2大政党への支持は下がる一方だが、国民には2大政党に関心を持っておいてもらいたい。しかし政治は財界政治だから国民の関心は下がってくるばかり。そこでなんとか国民に対する誤魔化しが必要になる。それがマスコミを使った2大政党キャンペーンだ。選挙になるともう自民と民主しか政党が存在しないような扱いが公然と行われて、国民の意識にも一定の影響を与えてきている。
今、支持率が急低下しているが、菅内閣は2013年までは解散・総選挙をしなくていいという条件があるから、そのうちに立て直そうと考えている。だから「国民のために身を削る」といいながら実際には2大政党制、財界政治へという方向は変えない。
「身を削る」というが、その正体は何か。定数削減によって削られるのは民意であり要求だ。そこには国会議員の民主主義社会での役割とかいったことは全く論議になっていない。「身を削る」と言えば、あたかも反省しているように聞こえる。が、実際に削られるのは自分たち民主党ではなく、野党、それも共産党などの革新政党であり、自分たちの身を削るどころか他の政党を切ろうとしていることになる。「身を削る」といいながら、国民には痛みを押しつけ、その痛みを一番わかっている人たちの代表を削ろうとしているのだ。
「身を削るのは当然だ」という主張が支持される根底には政治不信がある。何度も何度も裏切られてきたという政治への無力感が生まれているからで、そうした傾向はとても危険なことにつながっていくことにもなりかねない。1人ひとりの要求が大切にされ、共同や連帯の力が取り戻されれば、政治を本当に変えたいという力が働いていくに違いない。

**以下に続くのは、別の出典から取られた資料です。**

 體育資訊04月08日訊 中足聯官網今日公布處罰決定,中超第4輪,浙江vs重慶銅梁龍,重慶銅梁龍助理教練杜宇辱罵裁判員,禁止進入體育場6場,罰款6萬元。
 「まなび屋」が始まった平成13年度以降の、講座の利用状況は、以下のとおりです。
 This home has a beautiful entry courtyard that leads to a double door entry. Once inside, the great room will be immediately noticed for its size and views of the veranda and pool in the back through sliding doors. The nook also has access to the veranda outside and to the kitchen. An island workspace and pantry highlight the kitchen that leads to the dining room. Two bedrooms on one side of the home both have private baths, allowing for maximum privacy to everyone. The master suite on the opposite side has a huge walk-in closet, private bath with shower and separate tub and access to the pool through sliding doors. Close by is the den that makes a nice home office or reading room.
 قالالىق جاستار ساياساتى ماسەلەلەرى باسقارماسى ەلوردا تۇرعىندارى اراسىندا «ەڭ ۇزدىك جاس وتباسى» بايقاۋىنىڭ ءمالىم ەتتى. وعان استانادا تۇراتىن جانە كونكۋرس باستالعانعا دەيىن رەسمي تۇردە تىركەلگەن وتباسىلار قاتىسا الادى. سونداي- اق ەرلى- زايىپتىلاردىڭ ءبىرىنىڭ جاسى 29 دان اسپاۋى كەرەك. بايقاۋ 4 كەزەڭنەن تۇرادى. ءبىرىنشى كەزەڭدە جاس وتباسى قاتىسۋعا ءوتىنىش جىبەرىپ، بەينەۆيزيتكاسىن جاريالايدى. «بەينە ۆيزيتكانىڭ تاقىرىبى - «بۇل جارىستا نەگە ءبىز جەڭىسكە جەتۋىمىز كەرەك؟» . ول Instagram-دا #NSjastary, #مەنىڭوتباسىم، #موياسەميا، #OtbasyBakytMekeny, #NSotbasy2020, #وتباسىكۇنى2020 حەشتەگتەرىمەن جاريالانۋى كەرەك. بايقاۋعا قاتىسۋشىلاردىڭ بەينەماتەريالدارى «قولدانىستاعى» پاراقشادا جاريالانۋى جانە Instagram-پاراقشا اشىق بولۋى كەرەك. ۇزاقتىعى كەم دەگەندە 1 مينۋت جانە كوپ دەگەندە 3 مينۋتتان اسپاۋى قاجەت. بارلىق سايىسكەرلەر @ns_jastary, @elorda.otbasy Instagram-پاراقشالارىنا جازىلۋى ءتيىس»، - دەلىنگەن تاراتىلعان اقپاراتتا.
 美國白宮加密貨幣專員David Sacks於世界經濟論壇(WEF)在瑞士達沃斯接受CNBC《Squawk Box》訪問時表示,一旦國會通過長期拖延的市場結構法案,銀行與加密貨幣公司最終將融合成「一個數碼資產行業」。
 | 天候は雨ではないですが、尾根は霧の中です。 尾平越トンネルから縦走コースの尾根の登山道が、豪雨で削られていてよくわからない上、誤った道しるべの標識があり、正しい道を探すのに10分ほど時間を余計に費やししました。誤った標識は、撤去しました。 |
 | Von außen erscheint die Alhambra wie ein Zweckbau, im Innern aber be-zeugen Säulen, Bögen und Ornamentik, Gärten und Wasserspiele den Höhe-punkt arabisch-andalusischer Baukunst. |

さらに、定数を80人削れば政党助成金は国会議員1人当たり1000万円増えることになり、それはますます政党執行部へお金が集中することになる。また政権交代を望んだ国民の中には小さな政府論を支持した人もいただろう。小さな政府でも自分たちは生活できるというような人たちがいる。
いわゆる勝ち組と言われるような人たちだろうが、そういう人たちも客観的には社会の矛盾の中に生きているわけで、自己責任でその矛盾を乗り越えることはできない。そしてそういう意識は、自分の中に支持政党を見いだせないことともつながり、2大政党キャンペーンの中では共産党などは決して見えてはこないのだ。だから支持政党もわからないから結局はお任せ民主主義になり、選挙では民主党に投票するけど、期待倒れになれば離れていくという、そういう状況になってるのではないか。